**WHAT TO PRODUCE**
Return each line of the data below verbatim; pictures are to be left out.

**MATERIAL PROVIDED**
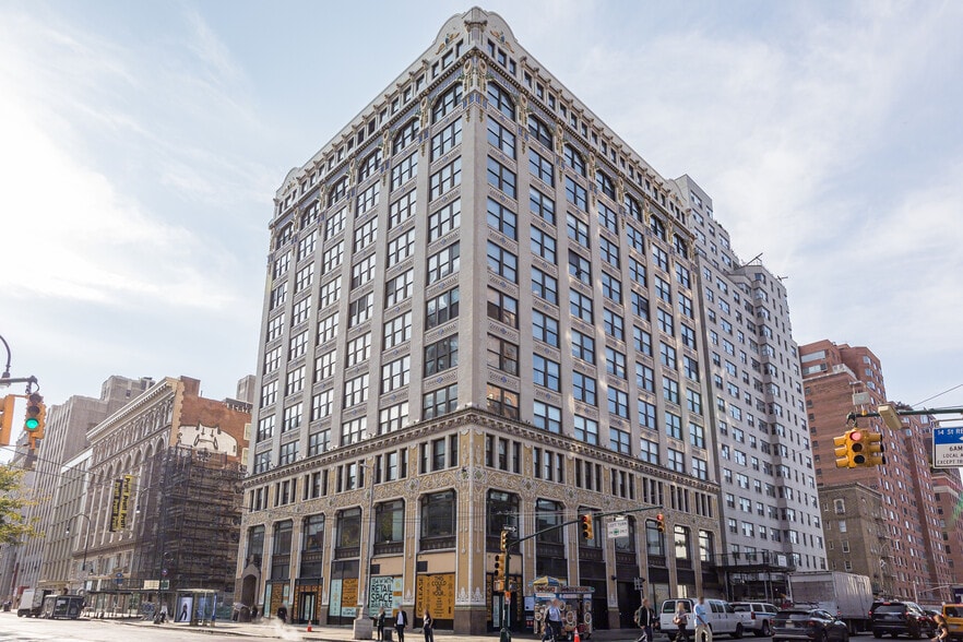 Located in the West Village neighborhood of New York City, 154 West 14th Street is a 12-story leasable office building located at the corner of 7th Avenue and 14th Street. The building was constructed in 1913 by architect Herman Lee Meader and contains 166,626 square feet of rentable area, with typical floor sizes at around 14,400 square feet. The 154 West 14th Street office building features Art Nouveau and Art Deco decorative elements, with its colorful glazed terra cotta facade, scallop detailing, vertical whiplash lines, and geometric medallions. Office tenants enjoy modern amenities including new elevators, an attended lobby, and operable windows for fresh air. Tenants leasing space at 154 West 14th Street offices are close to restaurants, hotels, retail stores, shopping, and entertainment venues. Nearby eateries include Offside Tavern, Chelsea Bagel & Cafe, Westside Market, The Donut Pub, Coppelia, Birch Coffee, Starbucks, and Subway. Local services include Jack’s Computer Services Center, Jo Quality Dry Cleaner, Hollywood 2002 Barber Shop, and Spa Belles 13th Street. Public transportation is just steps away from 154 West 14th Street office space, with the 14th Street Station on 7th Avenue providing access to the 1, 2, and 3 subway lines. The property is only one block away from A, C, E, F, L, and M trains and PATH trains at 14th Street & 6th Avenue and 8th Avenue & 14th Street. Nearby Penn Station offers access to LIRR Commuter Rail and NJT Commuter Rail. Tenants also have easy access to the bus lines of the city and LaGuardia Airport, which is just a 20-minute drive from this leasable office building. The renowned real estate firm The Rosen Group Inc. manages and owns 154 West 14th Street. Current building tenants include Grove Atlantic book publishing, WeWork, and Medical Building Associates.
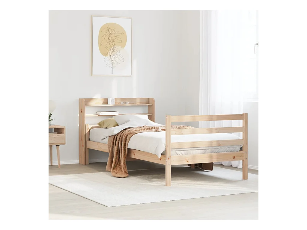 Lit bibliothèque sans matelas 100x200 cm bois massif de pin
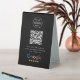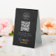 A simple custom black 4x6 business tabletop plastic double-sided table tent sign in a modern minimalist style, designed to feature a scannable QR code that links directly to your Google Reviews page. This versatile template can be personalized with your company logo, graphic, or photo, along with your QR code and a custom message that encourages customers to share feedback. The review platform logo can also be swapped for Yelp, TripAdvisor, Facebook, or any other site to create a bespoke and professional design that suits your business. Perfect for cafes, salons, boutiques, offices, and service-based brands, this clean display helps boost engagement and grow your reputation. Tip: Use the free GatherUp Review URL Generator to create a direct link to your review page before generating your QR code.

**REPLY**
 Located in the West Village neighborhood of New York City, 154 West 14th Street is a 12-story leasable office building located at the corner of 7th Avenue and 14th Street. The building was constructed in 1913 by architect Herman Lee Meader and contains 166,626 square feet of rentable area, with typical floor sizes at around 14,400 square feet. The 154 West 14th Street office building features Art Nouveau and Art Deco decorative elements, with its colorful glazed terra cotta facade, scallop detailing, vertical whiplash lines, and geometric medallions. Office tenants enjoy modern amenities including new elevators, an attended lobby, and operable windows for fresh air. Tenants leasing space at 154 West 14th Street offices are close to restaurants, hotels, retail stores, shopping, and entertainment venues. Nearby eateries include Offside Tavern, Chelsea Bagel & Cafe, Westside Market, The Donut Pub, Coppelia, Birch Coffee, Starbucks, and Subway. Local services include Jack’s Computer Services Center, Jo Quality Dry Cleaner, Hollywood 2002 Barber Shop, and Spa Belles 13th Street. Public transportation is just steps away from 154 West 14th Street office space, with the 14th Street Station on 7th Avenue providing access to the 1, 2, and 3 subway lines. The property is only one block away from A, C, E, F, L, and M trains and PATH trains at 14th Street & 6th Avenue and 8th Avenue & 14th Street. Nearby Penn Station offers access to LIRR Commuter Rail and NJT Commuter Rail. Tenants also have easy access to the bus lines of the city and LaGuardia Airport, which is just a 20-minute drive from this leasable office building. The renowned real estate firm The Rosen Group Inc. manages and owns 154 West 14th Street. Current building tenants include Grove Atlantic book publishing, WeWork, and Medical Building Associates.
 Lit bibliothèque sans matelas 100x200 cm bois massif de pin
 A simple custom black 4x6 business tabletop plastic double-sided table tent sign in a modern minimalist style, designed to feature a scannable QR code that links directly to your Google Reviews page. This versatile template can be personalized with your company logo, graphic, or photo, along with your QR code and a custom message that encourages customers to share feedback. The review platform logo can also be swapped for Yelp, TripAdvisor, Facebook, or any other site to create a bespoke and professional design that suits your business. Perfect for cafes, salons, boutiques, offices, and service-based brands, this clean display helps boost engagement and grow your reputation. Tip: Use the free GatherUp Review URL Generator to create a direct link to your review page before generating your QR code.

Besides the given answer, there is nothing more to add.